Why do people insist on using CFL's, tubes are better.  They emit the light over a larger surface area therefore you can get more plant material closer to the light source(s).


----------



## TokeWithHope (May 15, 2009)

well i already have 3 cfls that are 6400K 1800L a piece, and the reflector. and i can get 3 more of the same bulbs for 35$. but would 6 of these under a reflector be good enough??


----------



## NYC_Diesel x Jack_Herer (May 15, 2009)

sure, I think it would be more than enough.  I keep 3 mothers under six 20 watt tubes that are 1 foot each.  I use the aquarium bulbs that are supposed to mimic sunlight, work great.  Each of the 3 is kept in a small pot and kept about 2 feet tall, that means each one on average is only getting 40 watts of fluro tube, and I still have tight internodal spacing and no issues with stretch.


----------



## TokeWithHope (May 15, 2009)

ok but you think 3 isnt enough?


----------



## ivor (May 15, 2009)

im gonna switch from fls & cfls to hps wat type is the best for a grow room 4x3x6???:watchplant:


----------



## NYC_Diesel x Jack_Herer (May 15, 2009)

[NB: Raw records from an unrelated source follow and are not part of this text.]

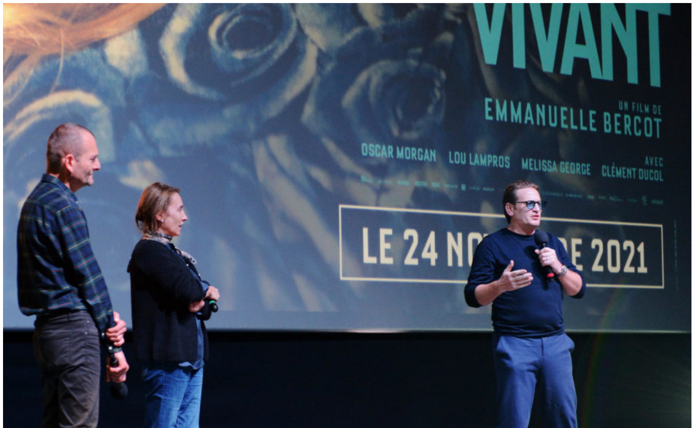
Benoît Magimel et Emmanuelle Bercot pour l'avant-première du film au Capitole studios.

« Elle est très maternelle dans la vie », explique la réalisatrice, « Elle a été bouleversée par le scénario, elle a senti l'épreuve intime que cela allait être. Elle parle même de « sa » maladie, alors que c'est celle de son fils », une mère omniprésente, aimante, de plus en plus impuissante qui finit par accepter l'inacceptable, le départ de son petit, de son poussin avant elle.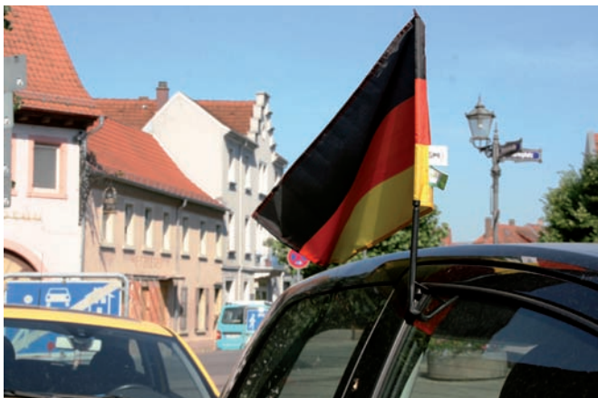
Die WM ist auch ein Stück weit eine große Party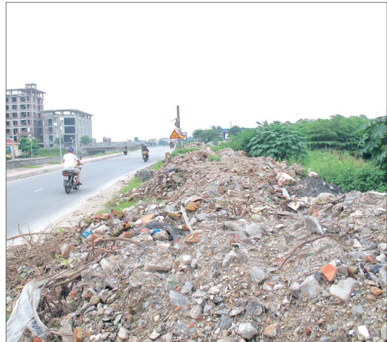
Ngay đối diện trụ sở Huyện ủy, HĐND, UBND huyện, rác thải xây dựng chất thành đống.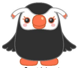
「エリカちゃん」 北方領土問題啓発キャラクター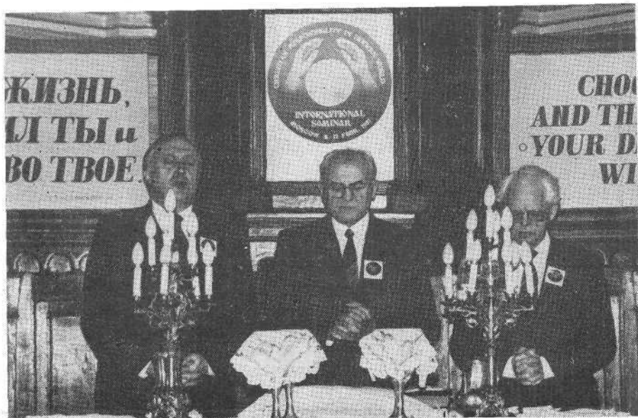
Хлебопреломление для участников семинара.

На следующий день для участников семинара было совершено хлебопреломление.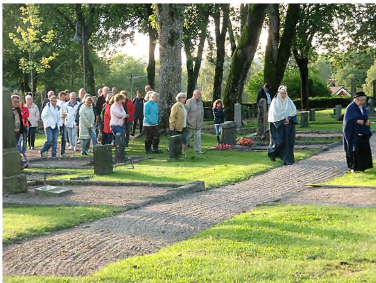
Kyrkogårdsvandring på Fristads kyrkogård.

Socknarna är jämte häraderna våra äldsta administrativa områden. Socknen kom till när kyrkan byggdes och bär på nära tusenåriga traditioner. Vid kyrkan fanns kyrkogården, som alltså är en bärare av bygdens historia genom tiderna. På många platser anordnas kyrkogårdsvandringar för att levandegöra historien, och i Fristad har vi försökt att göra det med dramatisering. Så har man också gjort i Borås.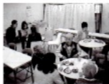
サロン風景・おしゃべり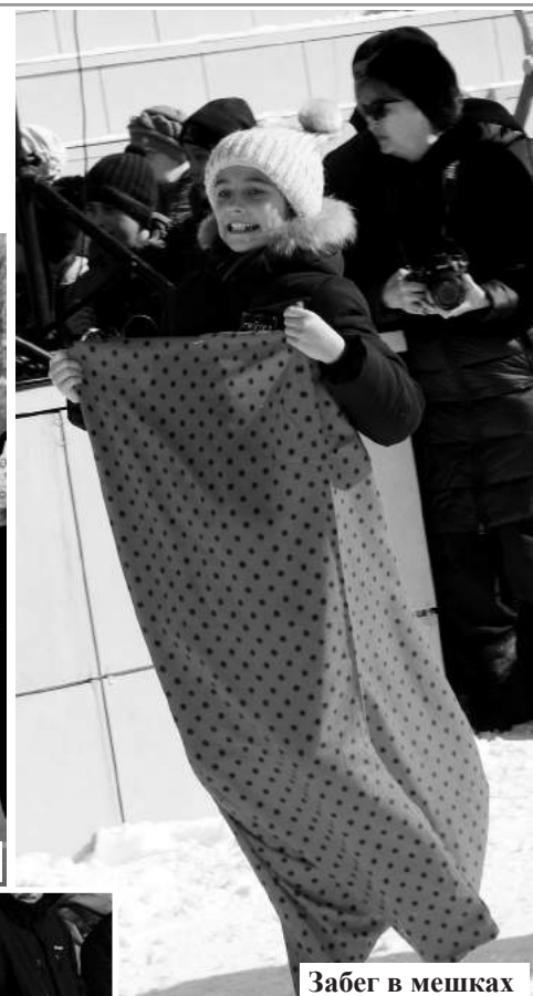
Забег в мешках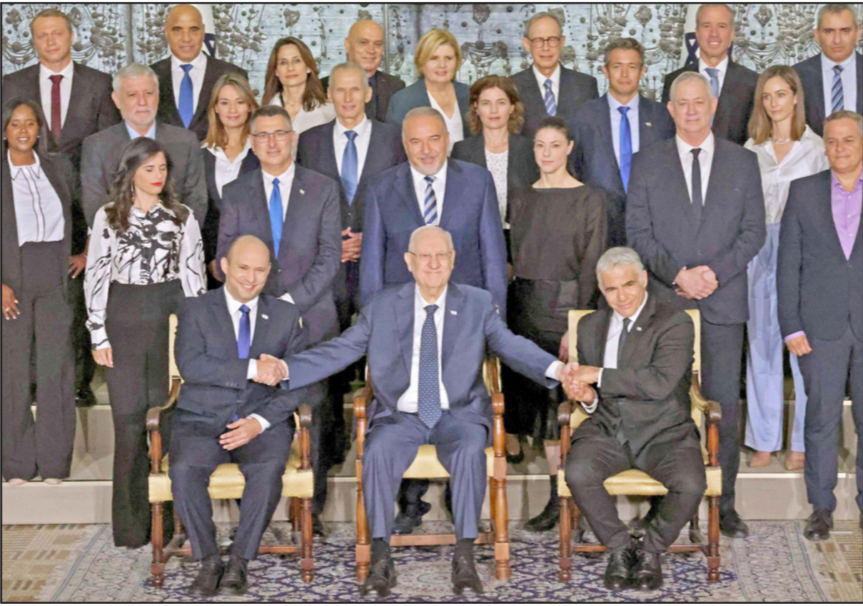
الرئيس الإسرائيلي بين رئيس الوزراء الجديد نفتالي بينيت وبديله يائير لابيد

وسبق لبينيت في إحدى المقابلات التي أدلى بها عام 2017 أن قال إن ما يقف في صلب تطلعاته هو تحويل الحزب الذي يقف على رأسه إلى حزب ذي مظلة واسعة للغاية تكون أكثر صهيونية، ويوسعها أن تكون سقفا للجمع. ورداً على سؤال عما يختلف هذا الحزب الذي يسعى إليه عن حزب الليكود قال بينيت إن الليكود لا ينفك يرفع لواء الأمن فقط والأمن. وتابع «في حال الائتزام بهذا اللواء وحسب، ستعمل إسرائيل حتماً إلى أماكن ليست جيدة وغير مُحمّدة من طرفه، مثل الانفصال عن قطاع غزة، وخطاب بار إيلان، وما شابه ذلك. لكن عندما تستند إلى الأساس اليهودي، فستكون في مكان آخر على الإطلاق، وستسعى قوة صمودها أمام الضغوط، ذات جذور أعمق بكثير، وهذا الأمر سيستع على كل شيء»، وتخصس أقوال بينيت هذه إصرار الصهيونية الدينية على إعادة تصميم المجتمع الإسرائيلي وفقاً لصورة الصهيونية الحالية خليط من العنصر القومي والدينية. يشار إلى أن الحزب الحليف «أمل جديد» برئاسة جدعون ساعر، الذي انفصل عن حزب الليكود، كان من الملتفت أن أكثر ما يهيمه أيضاً هو إبراز حقيقة أنه إلى يمين ننتياهو، لا فيما يحيل إلى المستقبل فحسب، إنما أيضاً في كل ما يتعلق بمسيرته السياسية حتى الآن والتي بدأها كناشط في صفوف حزب «متحيا - تحالف أمناء أرض إسرائيل» الذي تأسس في إثر اتفاقية السلام بين مصر وإسرائيل على خلفية أن هذه الاتفاقية انحطت على الانحساب من شبه جزيرة سيناء. وبعد ذلك، في عام 1999 عُين ساعر سكرتيراً للحكومة، وفي إطار وظيفته هذه ترأس وفد إسرائيل إلى الأمم المتحدة لإحياء مساعي إقامة لجنة تحقيق دولية لتقصي قائع ما ارتكبه قوات الجيش الإسرائيلي في مخيم جنين للاجئين الفلسطينيين إبان الانتفاضة الفلسطينية الثانية.

For me the rule of thumb has been 40 watts of fluro tube (with the proper bulb) per mother.

Ivor at 12 square feet you are kind of inbetween ideal lights, A 400 watt HPS would not give you quite enough lumens per square foot as what the experts say you need (but it would get you close), and a 600 would be too much IMO and would create more heat.  I guess if you had to choose I would go with a 400 watt but if you can cool the 600 (like getting a cool tube), you would could end up with amazing results getting around 7,000 lumens per square foot.
If you had a slightly larger space I would use a 600 watt.  They put out almost twice as much light while on using 1.5 times the energy of a 400watt.


----------



## ivor (May 15, 2009)

NYC_Diesel x Jack_Herer said:
			
		

> For me the rule of thumb has been 40 watts of fluro tube (with the proper bulb) per mother.
> 
> Ivor at 12 square feet you are kind of inbetween ideal lights, A 400 watt HPS would not give you quite enough lumens per square foot as what the experts say you need (but it would get you close), and a 600 would be too much IMO and would create more heat. I guess if you had to choose I would go with a 400 watt but if you can cool the 600 (like getting a cool tube), you would could end up with amazing results getting around 7,000 lumens per square foot.
> If you had a slightly larger space I would use a 600 watt. They put out almost twice as much light while on using 1.5 times the energy of a 400watt.


 
thanks bro.if i wer 2 go 4 a 600 watt wud i need a fan blowing on the bulb wen on, wud this help with temp. was orginally thinkin of 400 watt??? there seems 2 be that many of different types of hps which 1s r best:watchplant:


----------



## NYC_Diesel x Jack_Herer (May 15, 2009)

ivor said:
			
		

> thanks bro.if i wer 2 go 4 a 600 watt wud i need a fan blowing on the bulb wen on, wud this help with temp. was orginally thinkin of 400 watt??? there seems 2 be that many of different types of hps which 1s r best:watchplant:


 
You are going to need a way to air cool the light and an exhaust fan to vent the hot air out of the area.  You will also probably need a carbon scrubber to attach to the end of wherever you are venting to in order to eliminate smell.  To see a ton of options go to Ebay and search for "600 watt cool tube".  And also search for "exhaust fan and carbon scrubber".  You want a 4" fan and scrubber, you can buy them separately or buy them in a combo on ebay or through a hydro shop, this way you know you are getting two components that you know are compatible.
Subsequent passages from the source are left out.